What the task requires
Your response should be the lines from the one holding "2、深度兵种养成:每个火柴人" to the last line of the data below, copied exactly and with no additions.

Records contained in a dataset
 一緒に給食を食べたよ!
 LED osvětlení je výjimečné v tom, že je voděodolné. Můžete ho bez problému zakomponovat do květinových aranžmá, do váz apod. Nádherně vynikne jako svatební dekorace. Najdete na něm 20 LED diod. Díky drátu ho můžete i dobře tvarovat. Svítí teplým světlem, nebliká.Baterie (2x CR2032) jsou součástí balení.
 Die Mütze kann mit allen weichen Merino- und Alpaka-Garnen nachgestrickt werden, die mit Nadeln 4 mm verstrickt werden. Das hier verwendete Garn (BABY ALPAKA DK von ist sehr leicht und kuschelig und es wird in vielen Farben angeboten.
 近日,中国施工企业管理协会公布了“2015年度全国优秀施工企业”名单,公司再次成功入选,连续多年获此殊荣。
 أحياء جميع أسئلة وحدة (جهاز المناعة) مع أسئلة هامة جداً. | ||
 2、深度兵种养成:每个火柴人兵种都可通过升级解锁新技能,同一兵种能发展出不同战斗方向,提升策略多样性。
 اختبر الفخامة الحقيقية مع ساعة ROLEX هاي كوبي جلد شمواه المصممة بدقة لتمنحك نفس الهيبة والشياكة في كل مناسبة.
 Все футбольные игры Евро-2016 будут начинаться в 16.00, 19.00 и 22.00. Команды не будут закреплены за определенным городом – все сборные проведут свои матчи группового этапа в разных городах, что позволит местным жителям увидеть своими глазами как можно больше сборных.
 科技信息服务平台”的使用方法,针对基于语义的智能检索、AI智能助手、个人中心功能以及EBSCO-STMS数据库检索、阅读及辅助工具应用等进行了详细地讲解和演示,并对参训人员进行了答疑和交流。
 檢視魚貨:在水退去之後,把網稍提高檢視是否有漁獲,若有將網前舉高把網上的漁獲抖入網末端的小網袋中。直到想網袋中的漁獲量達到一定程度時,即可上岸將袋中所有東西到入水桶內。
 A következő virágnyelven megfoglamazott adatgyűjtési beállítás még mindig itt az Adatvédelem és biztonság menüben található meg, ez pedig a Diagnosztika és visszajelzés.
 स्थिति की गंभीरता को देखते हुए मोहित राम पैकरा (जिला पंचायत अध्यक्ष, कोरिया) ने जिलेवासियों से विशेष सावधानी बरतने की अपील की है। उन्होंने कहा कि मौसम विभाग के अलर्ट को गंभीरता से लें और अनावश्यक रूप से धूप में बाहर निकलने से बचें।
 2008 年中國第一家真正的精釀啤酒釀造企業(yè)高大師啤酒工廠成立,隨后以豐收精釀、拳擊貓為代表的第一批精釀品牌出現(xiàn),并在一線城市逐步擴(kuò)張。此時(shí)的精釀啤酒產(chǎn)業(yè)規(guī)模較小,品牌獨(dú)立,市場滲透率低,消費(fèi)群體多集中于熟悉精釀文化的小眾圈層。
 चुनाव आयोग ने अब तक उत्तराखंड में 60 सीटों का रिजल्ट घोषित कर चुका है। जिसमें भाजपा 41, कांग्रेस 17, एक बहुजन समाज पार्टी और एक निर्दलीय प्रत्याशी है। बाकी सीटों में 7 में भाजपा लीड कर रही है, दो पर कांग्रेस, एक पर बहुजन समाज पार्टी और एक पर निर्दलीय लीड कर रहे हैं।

Response to this task
 2、深度兵种养成:每个火柴人兵种都可通过升级解锁新技能,同一兵种能发展出不同战斗方向,提升策略多样性。
 اختبر الفخامة الحقيقية مع ساعة ROLEX هاي كوبي جلد شمواه المصممة بدقة لتمنحك نفس الهيبة والشياكة في كل مناسبة.
 Все футбольные игры Евро-2016 будут начинаться в 16.00, 19.00 и 22.00. Команды не будут закреплены за определенным городом – все сборные проведут свои матчи группового этапа в разных городах, что позволит местным жителям увидеть своими глазами как можно больше сборных.
 科技信息服务平台”的使用方法,针对基于语义的智能检索、AI智能助手、个人中心功能以及EBSCO-STMS数据库检索、阅读及辅助工具应用等进行了详细地讲解和演示,并对参训人员进行了答疑和交流。
 檢視魚貨:在水退去之後,把網稍提高檢視是否有漁獲,若有將網前舉高把網上的漁獲抖入網末端的小網袋中。直到想網袋中的漁獲量達到一定程度時,即可上岸將袋中所有東西到入水桶內。
 A következő virágnyelven megfoglamazott adatgyűjtési beállítás még mindig itt az Adatvédelem és biztonság menüben található meg, ez pedig a Diagnosztika és visszajelzés.
 स्थिति की गंभीरता को देखते हुए मोहित राम पैकरा (जिला पंचायत अध्यक्ष, कोरिया) ने जिलेवासियों से विशेष सावधानी बरतने की अपील की है। उन्होंने कहा कि मौसम विभाग के अलर्ट को गंभीरता से लें और अनावश्यक रूप से धूप में बाहर निकलने से बचें।
 2008 年中國第一家真正的精釀啤酒釀造企業(yè)高大師啤酒工廠成立,隨后以豐收精釀、拳擊貓為代表的第一批精釀品牌出現(xiàn),并在一線城市逐步擴(kuò)張。此時(shí)的精釀啤酒產(chǎn)業(yè)規(guī)模較小,品牌獨(dú)立,市場滲透率低,消費(fèi)群體多集中于熟悉精釀文化的小眾圈層。
 चुनाव आयोग ने अब तक उत्तराखंड में 60 सीटों का रिजल्ट घोषित कर चुका है। जिसमें भाजपा 41, कांग्रेस 17, एक बहुजन समाज पार्टी और एक निर्दलीय प्रत्याशी है। बाकी सीटों में 7 में भाजपा लीड कर रही है, दो पर कांग्रेस, एक पर बहुजन समाज पार्टी और एक पर निर्दलीय लीड कर रहे हैं।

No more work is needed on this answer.